The literature has also specifically identified the normal
differential pattern of uninfected cows at various stages of
lactation, it has suggested algorithms to identify the various
stages of infection by looking at changes in those patterns and it
has suggested linkages of specific abnormal patterns to specific
pathogens. In 2005, Hamman used the differential pattern to show
quarters were inter-dependent. Essentially, the literature suggests
that the breakdown of the SCC into its component parts, the "milk
somatic cell differential", should be a better, more accurate and
specific indicator of udder health, and thus a better tool for the
management of mastitis. However, in spite of the evolving evidence,
the SCC continues to be reported as a total SCC, and the
differential information remains a research tool. This is primarily
been driven by the cost differential between the SCC and
computations for a differential.
[0012] At least two procedures are currently used in the
determination of the bovine SCC with a leucocyte differential. One
method is using flow-cytometry, an expensive, sophisticated tool
only found in top research laboratories. This method is not even
remotely practical for the farmer. Its only alternative, the
"manual milk differential smear" (MMDS), is a difficult and time
consuming procedure, subject to great variability, even when
performed by highly trained laboratory technologists. It is
impractical for field research or the barn environment as well.
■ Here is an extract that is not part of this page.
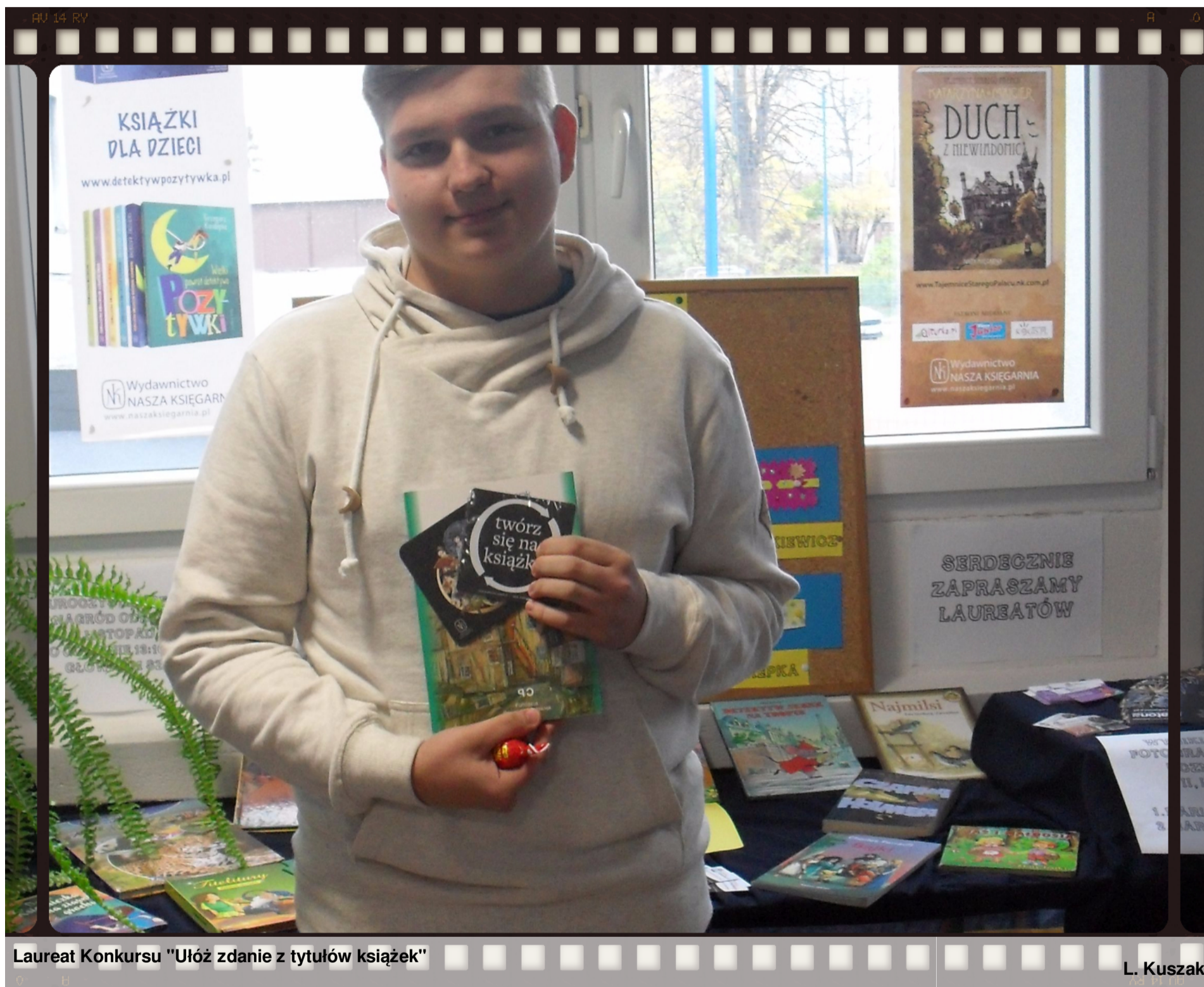
Laureat Konkursu "Ułóż zdanie z tytułów książek"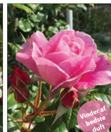
Our Last Summer™ Klatrrose Velduftende store blomster

[0013] In order to perform an MMDS, milk is centrifuged at 2500 g
for 10 min at 4 degrees Celsius, the fat layer and supernatant are
removed, leaving 500 ul or less of milk with a pellet. The pellet
is re-suspended via vortexing and pipetting. Microscope slides are
coated with Trypticase Soy Broth, air-dried and 10 ul of milk is
placed on the slide for a 30-degree angle smear to be made. The
slide is allowed to air dry and is then stained with Wright Giemsa
Stain. The slide is placed in the stain for 15 seconds, then water
for 30 seconds, then a 15 second dip in clean water and finally it
is allowed to air dry. Slides are examined on a transmitted light
microscope with a 100.times. oil immersion lens.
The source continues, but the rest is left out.